Question

How do you find the inflection points of the graph of the function: `(x+1)/(x^(2)+1)`?

Answer 1

The inflection points are:
`(2-sqrt3, f(2-sqrt3))` and `(1,1)` and `(2+sqrt3, f(2+sqrt3))`

Explanation:

An inflection point is a point on the graph at which the concavity changes.
We investigate concavity by looking at the sign of `f''(x)`.

`f(x) = (x+1)/(x^(2)+1)`

`f'(x) = ((1)(x^2+1)-(x+1)(2x))/(x^2+1)^2 = (-x^2-2x+1)/(x^2+1)^2`

`f''(x) = ((-2x-2)(x^2+1)^2-(-x^2-2x+1)2(x^2+1)2x)/(x^2+1)^4`

`= (-2(x+1)(x^2+1) + 4x(-x^2-2x+1))/(x^2+1)^3`

`= (-2(x^3+x^2+x+1)+4x(-x^2-2x+1))/(x^2+1)^3`

`= (2(x^3+3x^2-3x-1))/(x^2+1)^3`

(Whew!

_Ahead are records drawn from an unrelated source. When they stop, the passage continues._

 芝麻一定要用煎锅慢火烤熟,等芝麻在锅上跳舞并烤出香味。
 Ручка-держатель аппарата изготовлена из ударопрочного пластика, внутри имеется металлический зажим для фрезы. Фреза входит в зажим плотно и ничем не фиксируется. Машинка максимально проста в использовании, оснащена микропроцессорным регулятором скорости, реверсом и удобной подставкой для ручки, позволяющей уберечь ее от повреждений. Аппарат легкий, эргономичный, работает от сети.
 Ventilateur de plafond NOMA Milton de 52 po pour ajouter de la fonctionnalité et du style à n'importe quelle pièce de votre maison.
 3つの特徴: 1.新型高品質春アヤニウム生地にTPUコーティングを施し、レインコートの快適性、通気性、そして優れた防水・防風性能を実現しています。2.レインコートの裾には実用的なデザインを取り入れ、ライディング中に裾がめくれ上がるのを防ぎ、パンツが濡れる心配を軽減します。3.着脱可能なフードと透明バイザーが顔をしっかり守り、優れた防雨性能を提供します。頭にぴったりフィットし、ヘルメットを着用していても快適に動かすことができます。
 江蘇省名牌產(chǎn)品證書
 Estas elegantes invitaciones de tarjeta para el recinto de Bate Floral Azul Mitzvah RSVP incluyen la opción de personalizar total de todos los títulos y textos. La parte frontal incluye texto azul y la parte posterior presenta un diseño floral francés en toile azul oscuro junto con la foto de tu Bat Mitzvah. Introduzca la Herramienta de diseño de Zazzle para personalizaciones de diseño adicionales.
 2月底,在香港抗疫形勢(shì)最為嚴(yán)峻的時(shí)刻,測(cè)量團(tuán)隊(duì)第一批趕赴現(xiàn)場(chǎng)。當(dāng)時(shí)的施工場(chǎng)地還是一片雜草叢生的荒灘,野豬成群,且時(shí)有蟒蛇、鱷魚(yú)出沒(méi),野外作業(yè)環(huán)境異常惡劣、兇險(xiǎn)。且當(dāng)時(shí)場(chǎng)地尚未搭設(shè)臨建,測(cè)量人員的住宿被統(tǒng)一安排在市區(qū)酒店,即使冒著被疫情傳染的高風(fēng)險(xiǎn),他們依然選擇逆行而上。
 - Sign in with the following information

That's a lot of typing. And we're not done yet.)

Now to determine where the concavity changes, we need to determine where the sign of `f''` changes. A function can change signs at `x` values where the graph crosses the `x` axis (the function has a value of `0`), or where the function is discontinuous (for "nice" functions, that is where the function does not exist).

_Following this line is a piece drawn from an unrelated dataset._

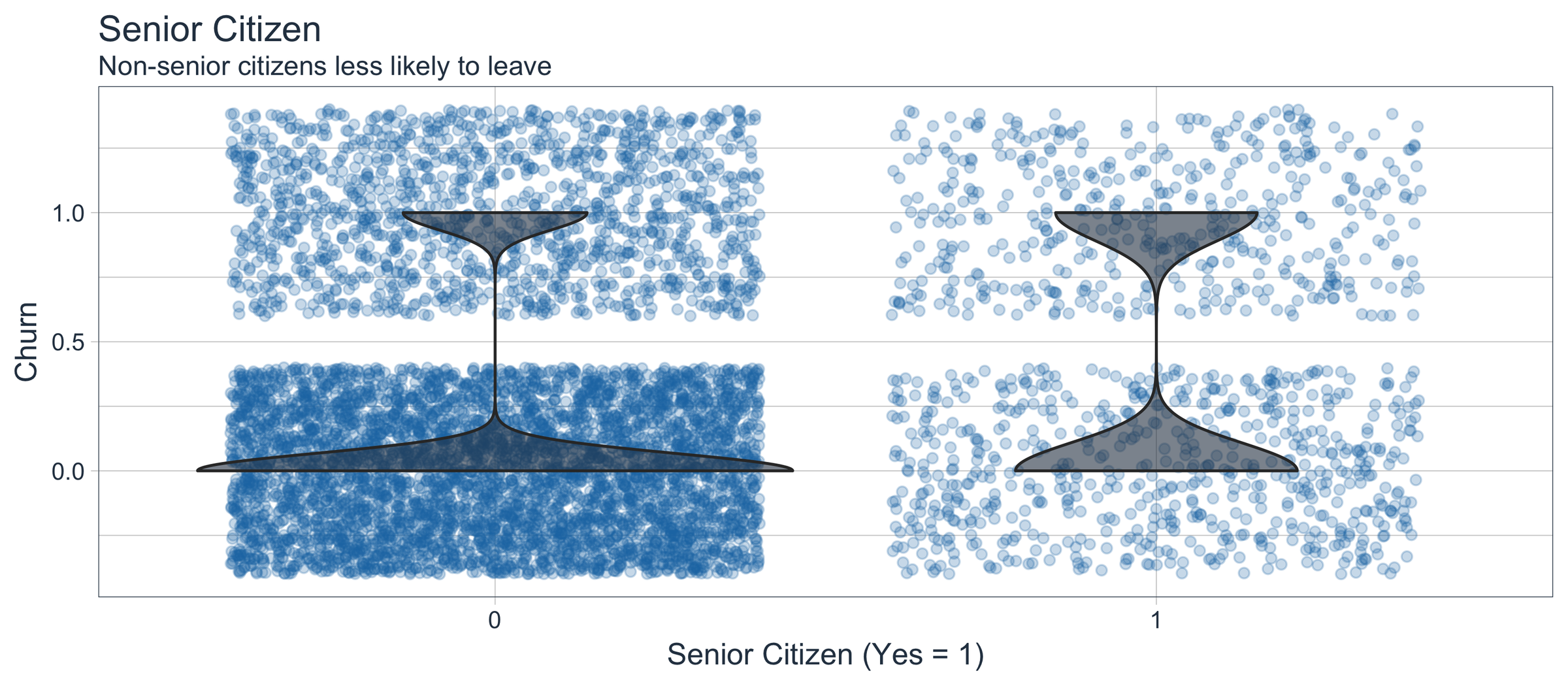 Senior citizen appeared in several of the LIME cases indicating it was important to the ANN for the 10 samples. However, it was not highly correlated to Churn, which may indicate that the ANN is using in an more sophisticated manner (e.g. as an interaction). It’s difficult to say that senior citizens are more likely to leave, but non-senior citizens appear less at risk of churning. Opportunity: Target users in the lower age demographic.

`f''(x) = (2(x^3+3x^2-3x-1))/(x^2+1)^3` has no discontinuities in the real numbers. (`x^2+1=0` has no real solution).

So the only places at which `f''` might change sign must be zeros of `f''`.
Since the denominator is never `0`, `f''(x) = 0` exactly where the numerator is `0`. That is, we need to solve:

`x^3+3x^2-3x-1 =0`

Because this is a four term polynomial, it makes sense to try factoring by grouping. But it doesn't work.

Even without the rational roots theorem, it seems reasonable to try `x=1` and/or `x=-1`. We see the `x=1` is a solution. (Or observe that the sum of the coefficients is `0`, so `x=1` is a root of the equation.)
Since `x=1` is a solution, `x-1` must be a factor.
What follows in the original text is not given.